The long boom of Brisbane’s office towers ended abruptly in 1990. Projects were put on hold as the Queensland economy began a downward turn, and Australia entered a recession. Several proposed major office towers projects were postponed or abandoned. Strong building activity did not recommence for another decade.[34]

Lend Lease, Harry Seidler and Associates, and Riverside

In 1979, development company Lend Lease began investigating sites for a landmark project.[35] Lend Lease, established in 1958 by Dick Dusseldorp, was one of Australia’s largest development construction companies,[36] responsible for housing, retail, and commercial construction across Australia in the second half of the 20th century. The company formed a development triumvirate with construction and engineering business, Civil and Civic, and financial enterprise, General Property Trust (GPT),[37] allowing it to undertake significant projects.[38] The company had built two ‘landmark’ or statement high-rise projects in Sydney: Australia Square (1968) and the MLC Centre (1976), both designed by architectural firm Harry Seidler and Associates.[39]

Encouraged by Queensland’s economic progress and forecasts for further growth, the company focused on the Brisbane CBD for its 1980s landmark.[40] The company’s attention was drawn to the burgeoning financial centre, where, by 1979, office towers lined the streets between remnant shipping company and government maritime buildings.
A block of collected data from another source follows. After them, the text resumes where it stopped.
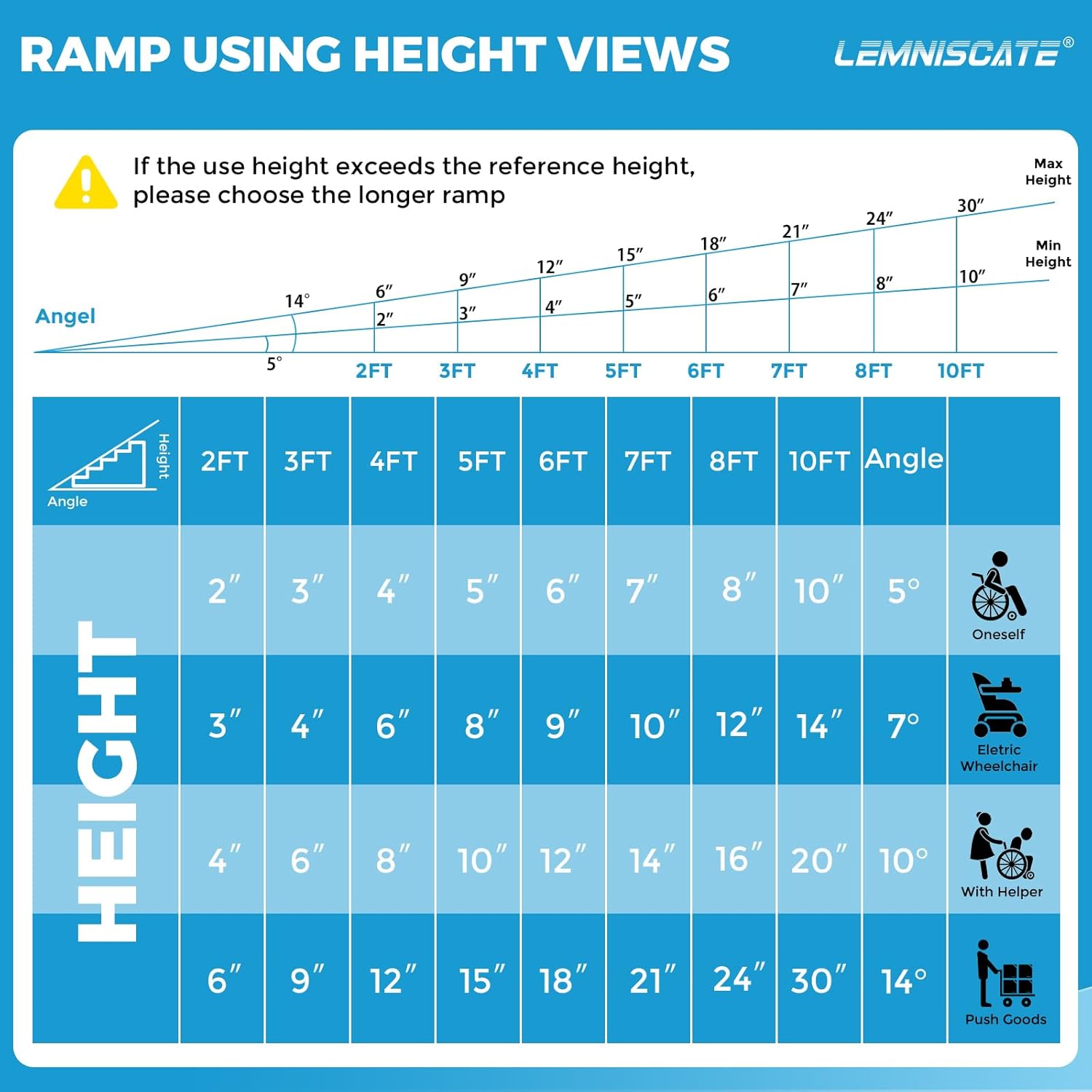 - ⚠️LEMNISCATE 3FT Wheelchair Ramps are only suitable for step heights of 3"-9"step.The best recommended height is 6 inch.Unfolded size:36"L*29"W*2"H.Folded size:36"L*14.5"W*15.6"H.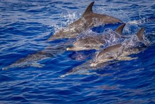 Hourglass dolphins are often seen swimming fast at the surface with long low leaps, often with just the dorsal fin breaking the surface. Their fast swimming creates a lot of spray and frequently they approach boats and bow-ride. They are usually seen in small pods of up to 12 individuals.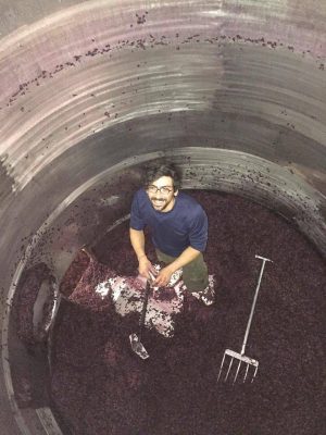 Edouard Cazals dans une cuve chez Hunter’s Wine en Nouvelle Zélande en 2016

Though construction had shifted towards the river, development on riverfront sites had been limited by a proposed riverfront road.[41] The disused wharves of the Australasian United Steam Navigation Company (AUSN), Thomas Brown and Son, and Nixon Smith remained in situ, used for carparking.[42]
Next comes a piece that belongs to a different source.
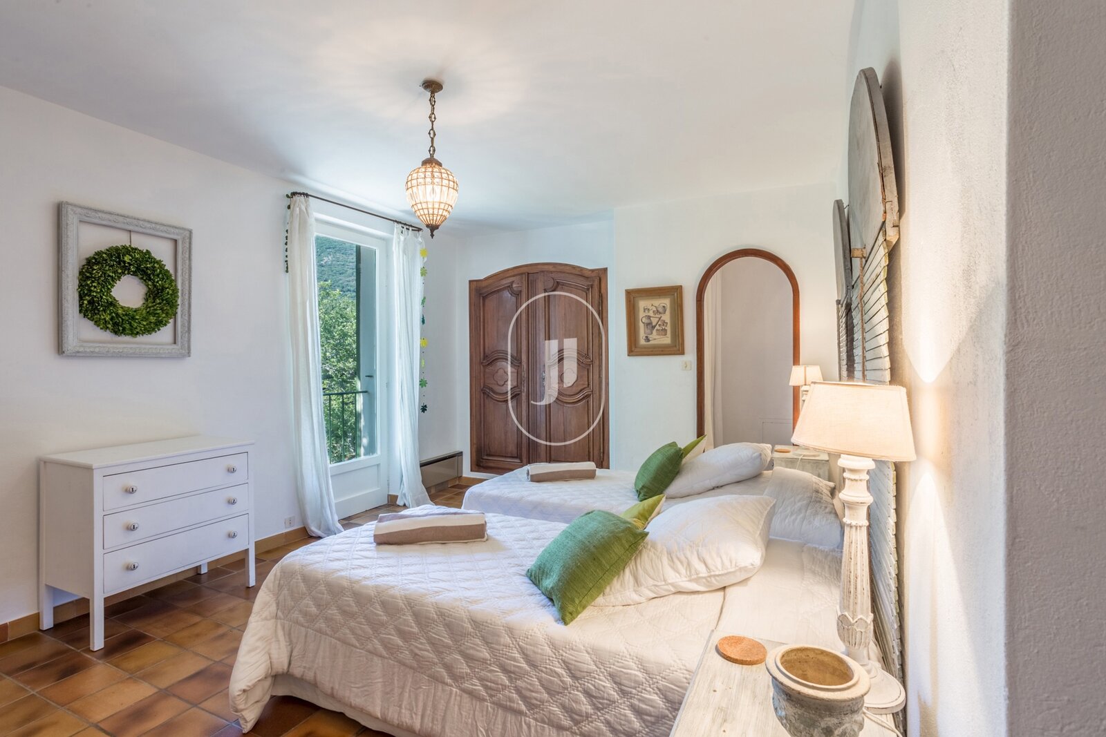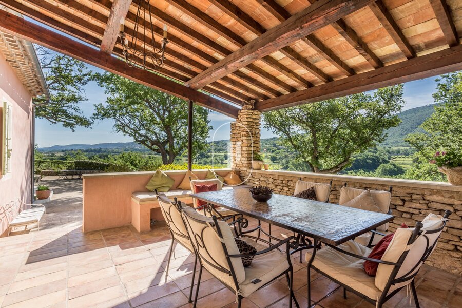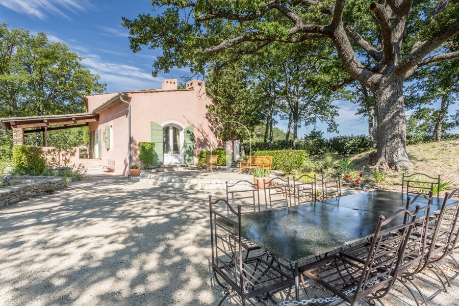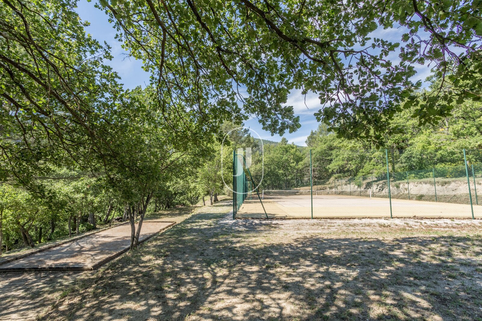Prachtige villa met zwembad en tennisplein te koop, gelegen op een eigen grondstuk van ongeveer 1,4 ha, in een dominante positie tussen de dorpen Bonnieux en Lacoste, in een rustige omgeving omringd door eeuwenoude eiken en wijngaarden, met een 360°-uitzicht op de omliggende dorpen, de Mont Ventoux en de Luberon.

A Lend Lease subsidiary, Lend Lease Developments, began to acquire multiple sites fronting Eagle Street and the river.[43] In June 1981, the company announced that it had received approval in principle for a multi-million dollar riverfront development project.[44] After a year of planning, revisions, and land purchases, in August 1982 the Courier Mail published plans for ‘Riverside Brisbane’, Lend Lease’s $200 million development for its 1.4 hectare Eagle Street site.[45] ‘Riverside Brisbane’ was proposed to include an office tower, shops, residential apartments, plazas, promenades, a marina, an ‘historic precinct’ for the soon-to-be-demolished Wool Exchange, and a section of the riverfront road, a condition of the development’s approval.[46] The company highlighted its desire to create a ‘total pedestrian environment’ with tourist facilities including restaurants, taverns and bistros ‘to give the complex life after business hours’.[47]
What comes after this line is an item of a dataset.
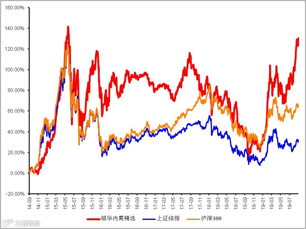 (银华内需精选于2009年07月01日成立,自成立以来收益率108.24%%,同期业绩基准为31.79%,数据截止至2019.9.20,数据来源:Wind。本基金近9年完整会计年度业绩为:2018年-33.25%、2017年-0.12%、2016年-13.70%、2015年86.95%、2014年25.03%、2013年20.38%、2012年2.27%、2011年-41.78%、2010年5.96%,2019年上半年41.79%,数据来源:基金定期报告)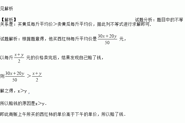 ijÉÌ··È¥²Ë̯ÂòÎ÷ºìÊÁ£¬ËûÉÏÎçÂòÁË30½ï£¬¼Û¸ñΪÿ½ïxÔª£»ÏÂÎ磬ËûÓÖÂòÁË20½ï£¬¼Û¸ñΪÿ½ïyÔª£¬ºóÀ´ËûÒÔÿ½ï

Over the following year, Lend Lease continued to accumulate land, as well as leasehold over a laneway (Parbury Lane), and the AUSN’s No. 11 and No. 13 wharves within the river.[48] Having acquired control over a 2ha site, Lend Lease engaged architect Harry Seidler to redesign the Riverside project in August 1983. Austrian-born Seidler had already achieved significant renown as an architect in residential and commercial designs, including the award-winning Rose Seidler house (1950),[49] Australia Square,[50] MLC Centre, the Australian Embassy in Paris (1977), and the soon-to-be-completed Hong Kong Club Building (1984). He had received multiple awards from the Royal Australian Institute of Architects, including its highest honour, the Gold Medal, in 1976, for outstanding achievement in architectural design and the promotion of architecture and the profession; and received an OBE for his services to architecture in 1972.[51] His firm, Harry Seidler and Associates (established 1960), had been working with Lend Lease almost since its inception, designing apartment buildings (Ithaca Gardens (1960) and the controversial Blues Point Tower (1961)),[52] recreational facilities (Thredbo Ski Lodge (1962)) and commercial buildings (Australia Square and MLC Centre, the former of which was considered ‘one of Australia’s most important works of the postwar period’).[53]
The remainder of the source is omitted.